The task: Going from the top of the listing below to the line that holds "Once excess mugi-urushi", reproduce each line exactly; no pictures.

Input data:
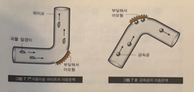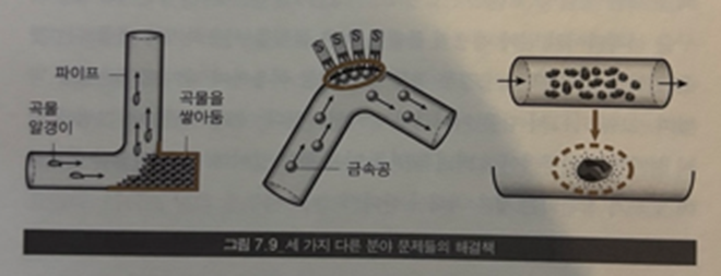 이 예제는 미국의 트리즈컨설팅회사이자 트리즈 S/W 회사인 인벤션머신 Invention Machine의 초창기 시절 자문 결과이다. 제철공장에서는 용광 로에 철광석을 공급하기 위하여 그림 7.6과 같이 호퍼(금속으로 만든 대형 깔때기)를 사용한다. 철광석은 밀도가 높고 단단한 물질이어서 용광로로 쓸려 내려가는 과정 에서 호퍼의 면에 강한 마찰을 일으킨다. 이러한 마찰이 지속되면서 호퍼는 오래 견디지 못하여 그림과 같이 구멍이 발생하고 제철회사는 막대한 경비 를 들여 호퍼를 수리하거나 교체한다. 이러한 문제를 해결하기 위해 트리즈 전문가들은 해당 문제를 일반화 하였다. 모순이나 여러 다른 툴들을 이용해서 일반화할 수도 있지만, 다른 산업분야에서 비슷한 사례를 찾아 그 해결책을 찾는 것도 일반화의 좋은 방 법이다. 방앗간이나 식물가공 업체에서 쌀알 등의 곡물이 그림 7.7과 같이 파이 프를 통하여 이동되는데 구부러진 공간에서 곡물 알갱이들이 파이프와 부 딪혀서 파이프가 견디지 못한다. 또한 금속으로 된 작은 알갱이들을 운반하는 파이프의 경우에도 그림 7.8과 같이 동일한 문제가 발생한다.
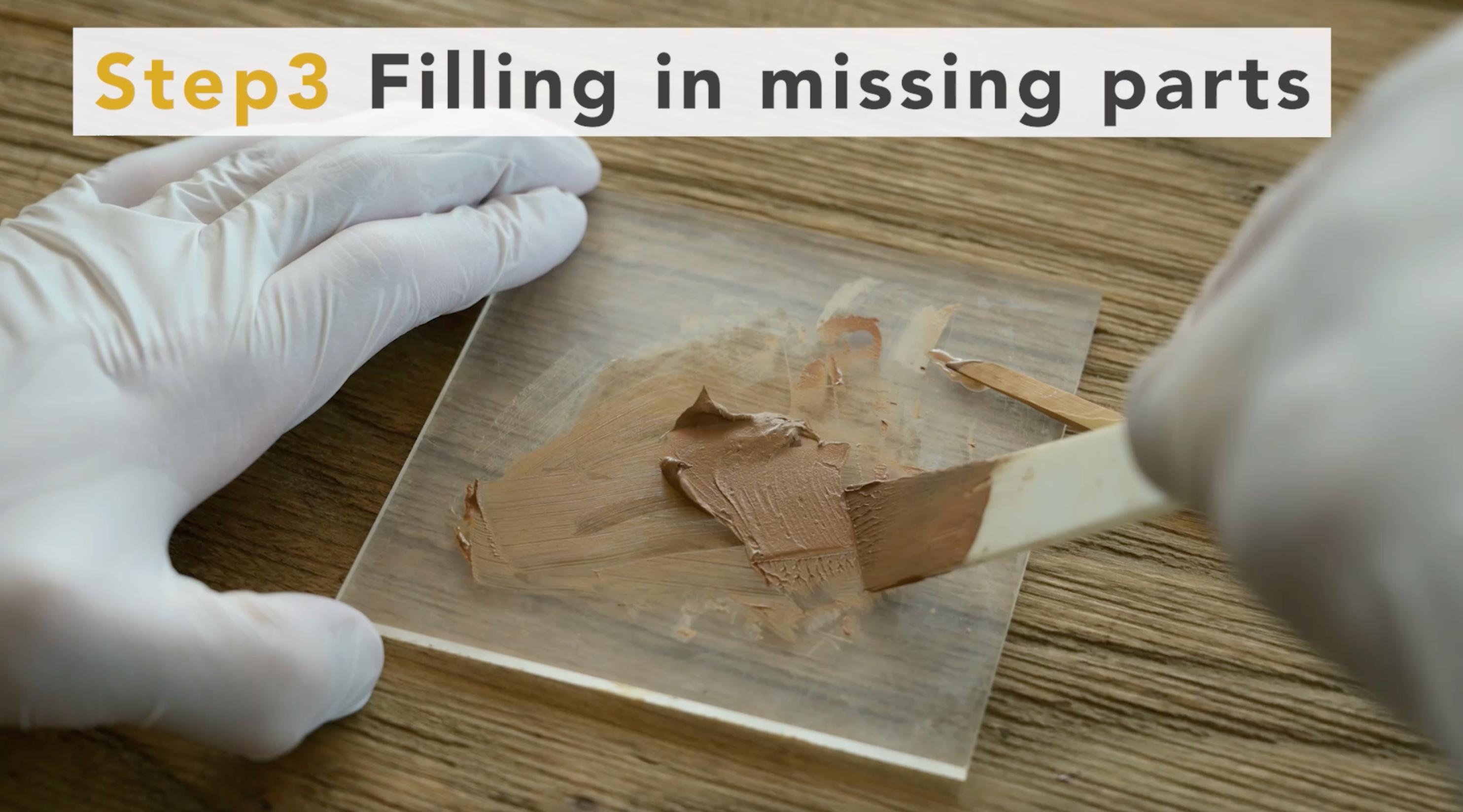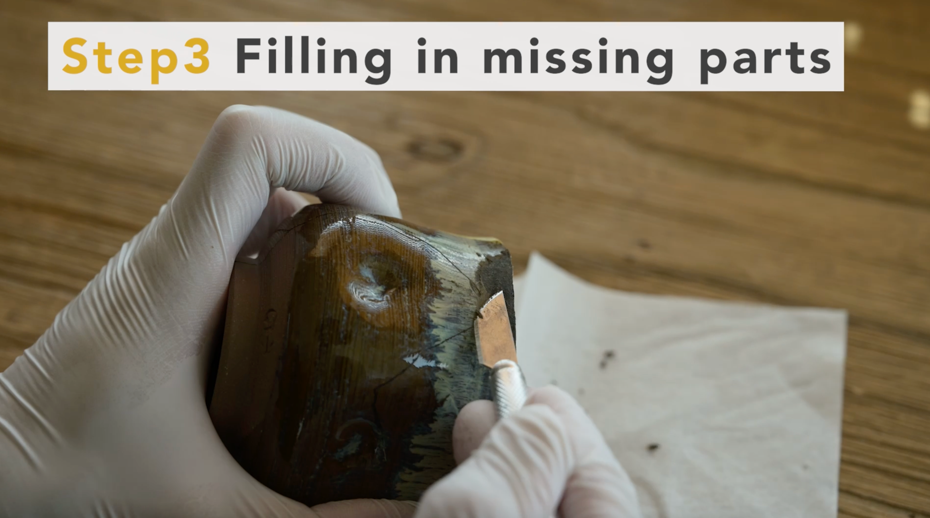 Once excess mugi-urushi is removed, we will use "Kokuso-urushi" to fill the missing area.
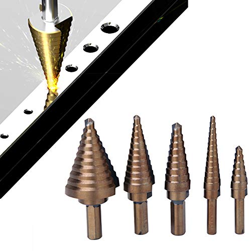 Punta da trapano a gradino HSS 5 pezzi, punta per trapano a punta con codolo triangolare, punta da trapano a triangolo conico interno per alesatore industriale, per piastre in ferro sottile, piastre i
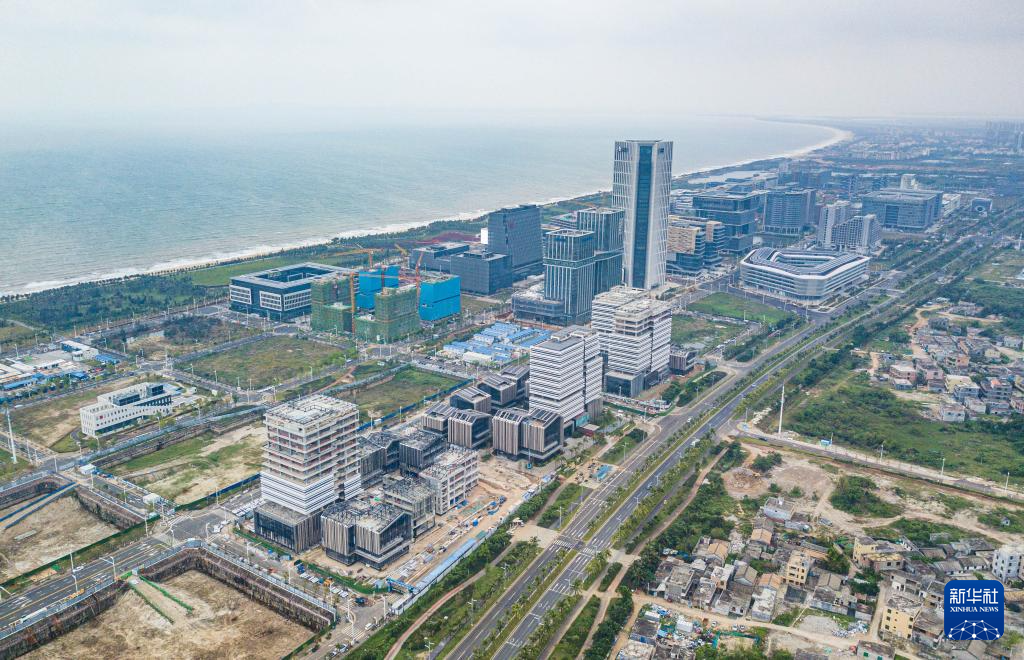 海南澄迈拍摄的海南自贸港重点园区——海口综合保税区(无人机照片,11月23日摄)
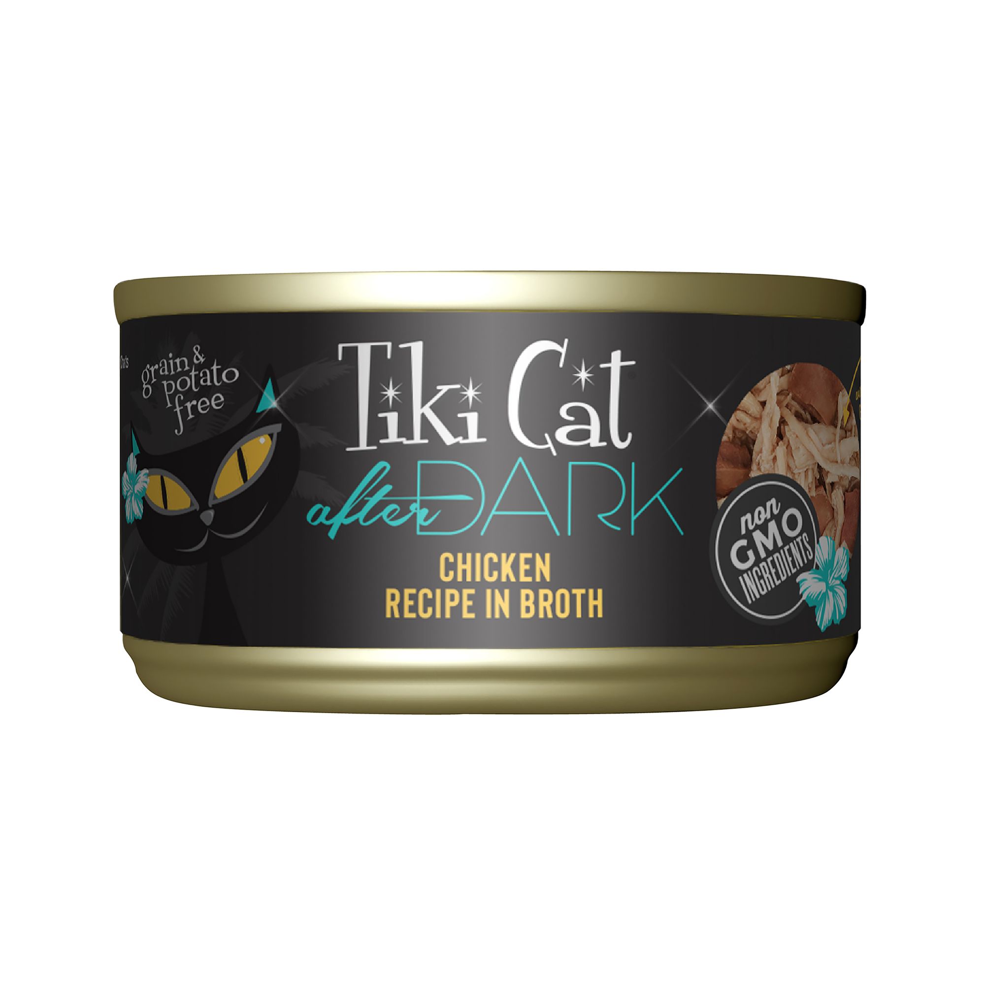 Description: Tiki Cat® After Dark™ Wet Cat Food is mouthwatering, hearty meals of shredded chicken and nutrient–rich organ meat.

Answer:
 이 예제는 미국의 트리즈컨설팅회사이자 트리즈 S/W 회사인 인벤션머신 Invention Machine의 초창기 시절 자문 결과이다. 제철공장에서는 용광 로에 철광석을 공급하기 위하여 그림 7.6과 같이 호퍼(금속으로 만든 대형 깔때기)를 사용한다. 철광석은 밀도가 높고 단단한 물질이어서 용광로로 쓸려 내려가는 과정 에서 호퍼의 면에 강한 마찰을 일으킨다. 이러한 마찰이 지속되면서 호퍼는 오래 견디지 못하여 그림과 같이 구멍이 발생하고 제철회사는 막대한 경비 를 들여 호퍼를 수리하거나 교체한다. 이러한 문제를 해결하기 위해 트리즈 전문가들은 해당 문제를 일반화 하였다. 모순이나 여러 다른 툴들을 이용해서 일반화할 수도 있지만, 다른 산업분야에서 비슷한 사례를 찾아 그 해결책을 찾는 것도 일반화의 좋은 방 법이다. 방앗간이나 식물가공 업체에서 쌀알 등의 곡물이 그림 7.7과 같이 파이 프를 통하여 이동되는데 구부러진 공간에서 곡물 알갱이들이 파이프와 부 딪혀서 파이프가 견디지 못한다. 또한 금속으로 된 작은 알갱이들을 운반하는 파이프의 경우에도 그림 7.8과 같이 동일한 문제가 발생한다.
 Once excess mugi-urushi is removed, we will use "Kokuso-urushi" to fill the missing area.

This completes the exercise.